Regarding "I am concerned about the LL copy in pushHead - even if addFirst is faster, a LL copy is fairly slow and likely loses us any gains". As you can see, recreation of the read-only-copy happens anytime the background pipeline changes (addFirst, swap, replaceAtIndex), which are rare operations happening on snapshot, compaction, flattening, respectively. The copy of the segment after all is the copy of the references without copying the entire data itself. We had previous type of synchronization before (without read-only-copy) and it was slower. So if you believe, read-only-copy creation is a key for some performance problem, please give provide any measurements.
Regarding "Also, I'm a little dubious on the use of LL given that we support a replaceAtIndex which will be much faster in an array". Generally I agree that change the implementation of "readOnlyCopy" from LinkedList to ArrayList, might be beneficial here. Specially for the replaceAtIndex case. I don't see how ArrayDeque helps us.
Thanks,Anastasia
    On Sunday, March 11, 2018, 8:06:05 AM GMT+2, 张铎(Duo Zhang) <pa...@gmail.com> wrote:  
 
 I believe the comments there are mainly about concurrency problem, not for
linked list vs. array list, at least for me...

2018-03-11 4:12 GMT+08:00 Mike Drob <ma...@cloudera.com>:

> Hi devs,
>
> I was reading through HBASE-17434 trying to understand why we have two
> linked lists in compaction pipeline and I'm having trouble following the
> conversation there, especially since it seems intertwined with HBASE-17379
> and jumps back and forth a few times.
>
> It looks like we are implementing our own copy-on-write list, and there is
> a claim that addFirst is faster on a LinkedList than an array based list. I
> am concerned about the LL copy in pushHead - even if addFirst is faster, a
> LL copy is fairly slow and likely loses us any gains. Also, I'm a little
> dubious on the use of LL given that we support a replaceAtIndex which will
> be much faster in an array.
>
> Can we improve by using an ArrayDeque?
>
> Eschar, Anastasia, WDYT?
>
> Thanks,
> Mike
>
> Some observations about performance -
> https://stuartmarks.wordpress.com/2015/12/18/some-java-list-benchmarks/
>

Re: Questions about synchronization in compaction pipeline

Posted by "张铎 (Duo Zhang)" <pa...@gmail.com>.

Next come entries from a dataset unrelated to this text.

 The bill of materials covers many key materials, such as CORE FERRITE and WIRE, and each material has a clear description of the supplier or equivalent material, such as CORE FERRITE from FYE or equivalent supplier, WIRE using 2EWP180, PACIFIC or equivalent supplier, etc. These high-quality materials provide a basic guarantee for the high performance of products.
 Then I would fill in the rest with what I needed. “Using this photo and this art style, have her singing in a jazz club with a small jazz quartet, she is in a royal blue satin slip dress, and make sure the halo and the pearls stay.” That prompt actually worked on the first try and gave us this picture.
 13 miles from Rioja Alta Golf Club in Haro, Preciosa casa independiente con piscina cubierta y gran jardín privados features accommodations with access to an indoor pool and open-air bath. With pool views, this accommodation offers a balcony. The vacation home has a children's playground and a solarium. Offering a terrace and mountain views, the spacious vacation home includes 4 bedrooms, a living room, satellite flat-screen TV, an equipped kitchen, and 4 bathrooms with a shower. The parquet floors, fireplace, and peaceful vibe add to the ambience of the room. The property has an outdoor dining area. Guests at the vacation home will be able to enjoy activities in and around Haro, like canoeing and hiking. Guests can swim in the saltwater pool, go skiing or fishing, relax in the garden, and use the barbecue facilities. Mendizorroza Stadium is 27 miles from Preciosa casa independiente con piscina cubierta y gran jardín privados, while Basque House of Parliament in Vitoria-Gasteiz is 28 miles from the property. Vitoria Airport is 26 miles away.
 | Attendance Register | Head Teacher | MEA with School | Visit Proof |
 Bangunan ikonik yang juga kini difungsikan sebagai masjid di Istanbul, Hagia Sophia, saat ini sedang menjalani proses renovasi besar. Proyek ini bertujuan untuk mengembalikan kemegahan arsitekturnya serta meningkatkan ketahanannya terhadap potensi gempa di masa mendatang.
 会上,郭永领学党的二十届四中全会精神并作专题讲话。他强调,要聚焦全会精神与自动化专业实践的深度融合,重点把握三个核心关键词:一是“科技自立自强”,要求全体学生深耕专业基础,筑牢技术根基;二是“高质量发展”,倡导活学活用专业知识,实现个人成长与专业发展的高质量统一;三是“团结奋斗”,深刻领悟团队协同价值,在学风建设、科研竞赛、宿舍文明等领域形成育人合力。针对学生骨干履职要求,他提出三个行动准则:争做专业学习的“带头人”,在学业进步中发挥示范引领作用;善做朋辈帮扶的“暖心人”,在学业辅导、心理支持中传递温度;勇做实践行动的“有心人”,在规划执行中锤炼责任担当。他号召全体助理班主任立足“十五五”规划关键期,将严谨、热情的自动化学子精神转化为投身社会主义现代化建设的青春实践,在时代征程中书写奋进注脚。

I believe the comments there are mainly about concurrency problem, not for
linked list vs. array list, at least for me...

2018-03-11 4:12 GMT+08:00 Mike Drob <ma...@cloudera.com>:

> Hi devs,
>
> I was reading through HBASE-17434 trying to understand why we have two
> linked lists in compaction pipeline and I'm having trouble following the
> conversation there, especially since it seems intertwined with HBASE-17379
> and jumps back and forth a few times.
>
> It looks like we are implementing our own copy-on-write list, and there is
> a claim that addFirst is faster on a LinkedList than an array based list. I
> am concerned about the LL copy in pushHead - even if addFirst is faster, a
> LL copy is fairly slow and likely loses us any gains. Also, I'm a little
> dubious on the use of LL given that we support a replaceAtIndex which will
> be much faster in an array.
>
> Can we improve by using an ArrayDeque?
>
> Eschar, Anastasia, WDYT?
>
> Thanks,
> Mike
>
> Some observations about performance -
> https://stuartmarks.wordpress.com/2015/12/18/some-java-list-benchmarks/
>

Re: Questions about synchronization in compaction pipeline

Posted by Eshcar Hillel <es...@oath.com.INVALID>.

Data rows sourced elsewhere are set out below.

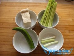 详细操作准备食材切葱花,青椒丝。豆腐切块,芹菜切段。热锅放油,炸葱花,放入豆腐。食用油稍多一些,这样可以把豆腐煎成金黄色而不粘锅。然后放入青椒丝,芹菜,盐...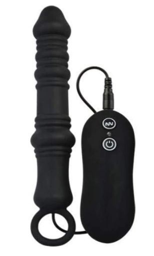 Plug anal feito de silicone, material macio com toque aveludado. Possui ponta bem saliente e vários relevos anelados que tornam a penetração ainda mais intensa e prazerosa. Em sua base há uma alça para tirar o plug de maneira prática e segura após a introdução. É à prova d'água, o que aumenta as possibilidades de uso e facilita a higienização. Possui vibrador com 10 padrões de vibração e controle remoto com fio.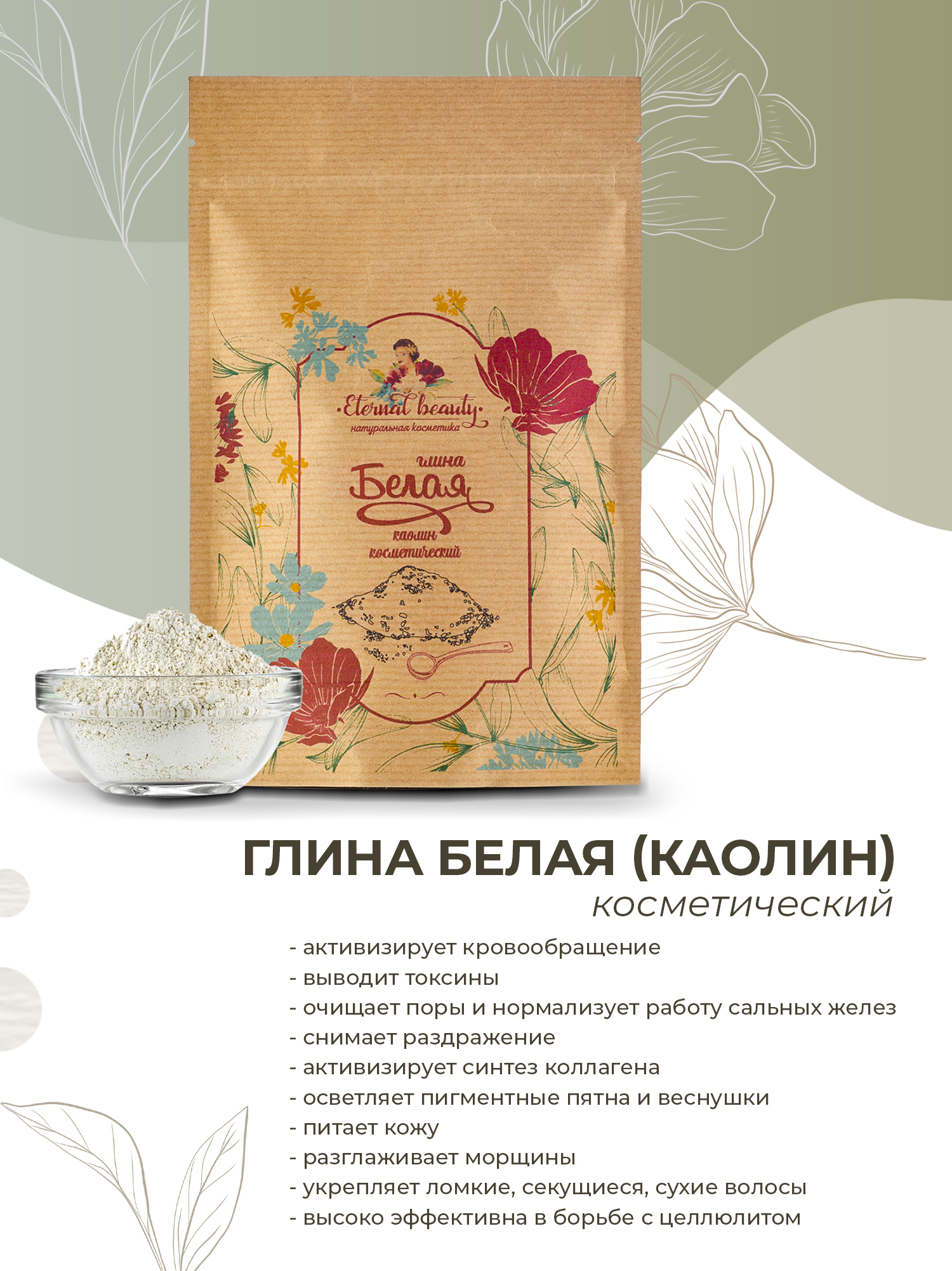 Eternal beauty Глина белая (каолин) косметическая для лица, тела, волос, шампуней, обертываний, ванн 200 гр.
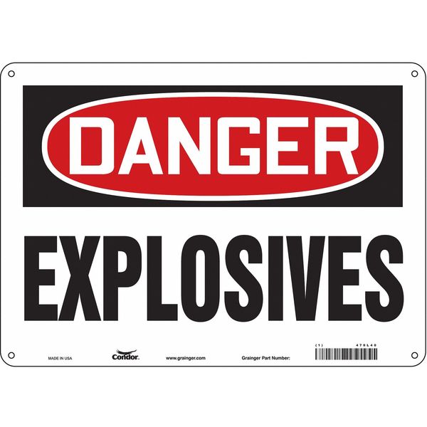 Safety Sign, 10 in Height, 14 in Width, Aluminum, Horizontal Rectangle, English, 470L40SKU G5211567Categories SafetyDescription Safety Sign, Horizontal Rectangle, Number of Printed Sides 1, English, Sign Format Traditional OSHA, Sign Legend Explosives, Sign Legend Background Color White, Sign Legend Style TextgraingerSKU: 470L40, mscSKU: , zoro_no: G5211567, mongo_id: 65bbe8069a749db82276d4c9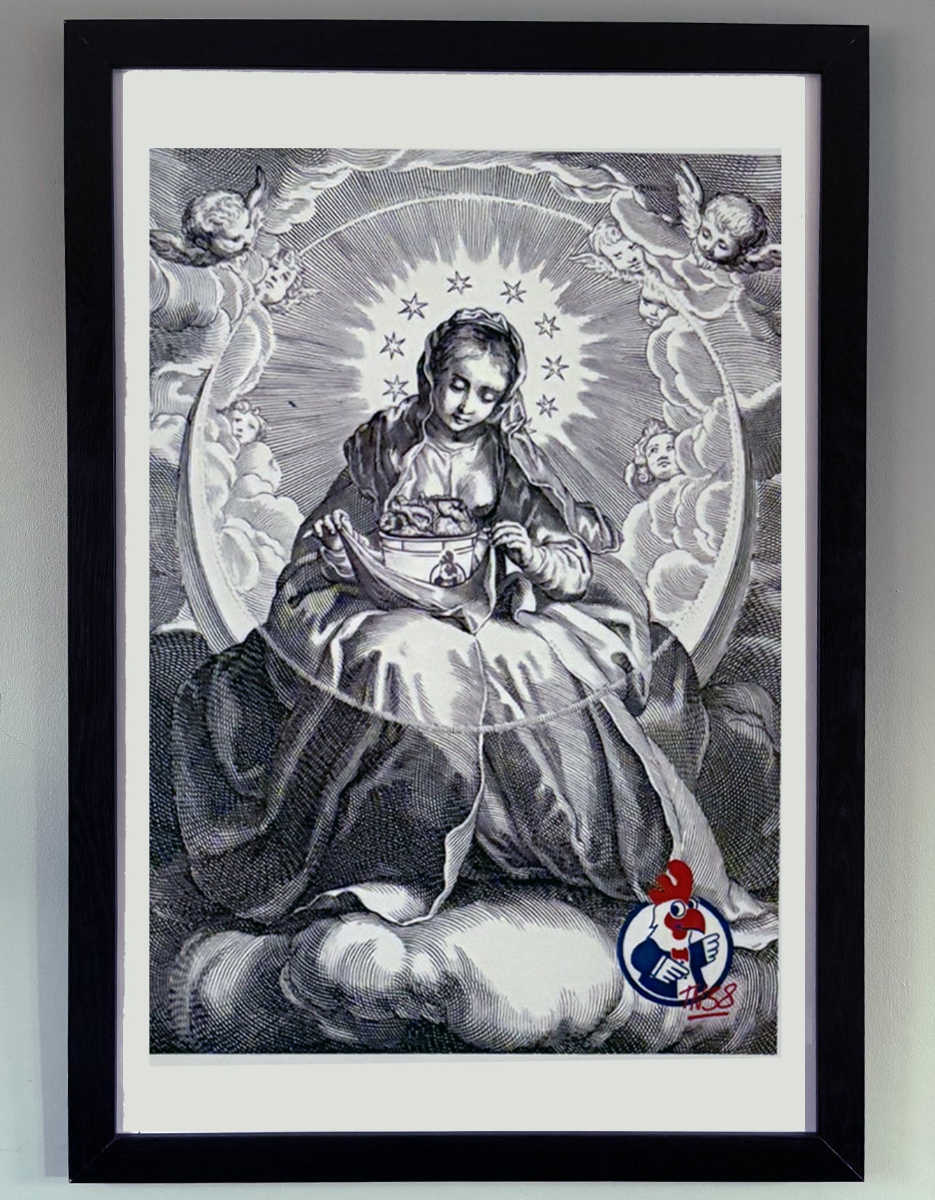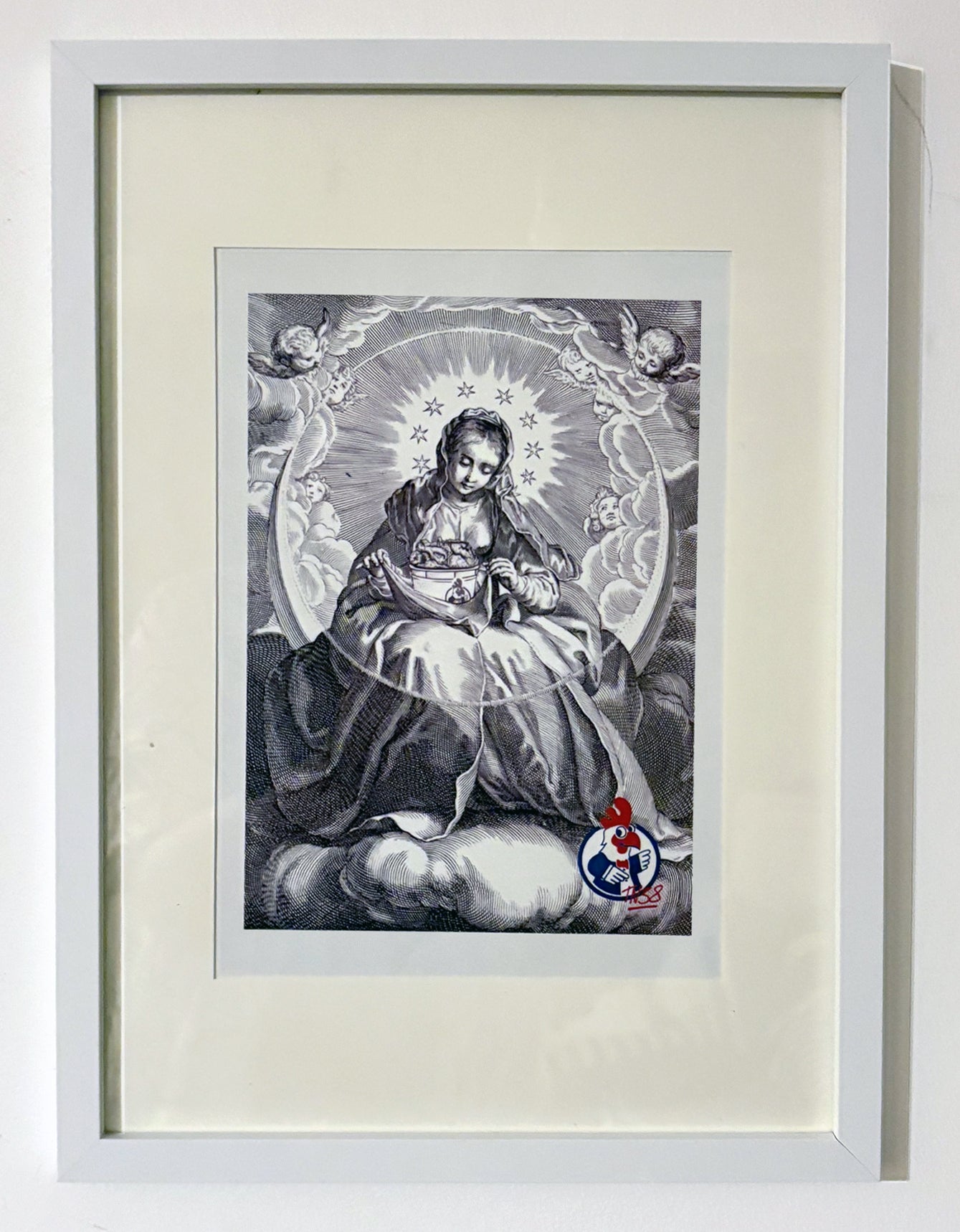 The original image is based on traditional religious engravings of the Virgin on the crescent moon surrounded by stars. It is a timeless image that has been given a playful edge. Reverent, absurd, and brilliant all at once, this piece is perfect for anyone who likes their walls to make people look twice.

 I agree with Chia-Ping Tsai, read-only copy can be changed from LL to array list plus replacing getLast with get(size())However I am dubious about any of the suggested changes having any affect on the system performance.Would be very interesting to see the workload that can differentiate between these two implementations.
    On Sunday, March 11, 2018, 4:33:05 PM GMT+2, Chia-Ping Tsai <ch...@apache.org> wrote:  
 
 > LL copy is fairly slow and likely loses us any gains. Also, I'm a little
> dubious on the use of LL given that we support a replaceAtIndex which will
> be much faster in an array.
> 
> Can we improve by using an ArrayDeque?
Does ArrayDeque support to change element by arbitrary index? If not, it not easy to change the impl by one line since the replaceAtIndex() need to change the element in pipeline.

BTW, could we change the impl of "readOnlyCopy" from LinkedList to ArrayList? Most ops to  readOnlyCopy are iteration, and the getLast can be replaced by size() and get(index). 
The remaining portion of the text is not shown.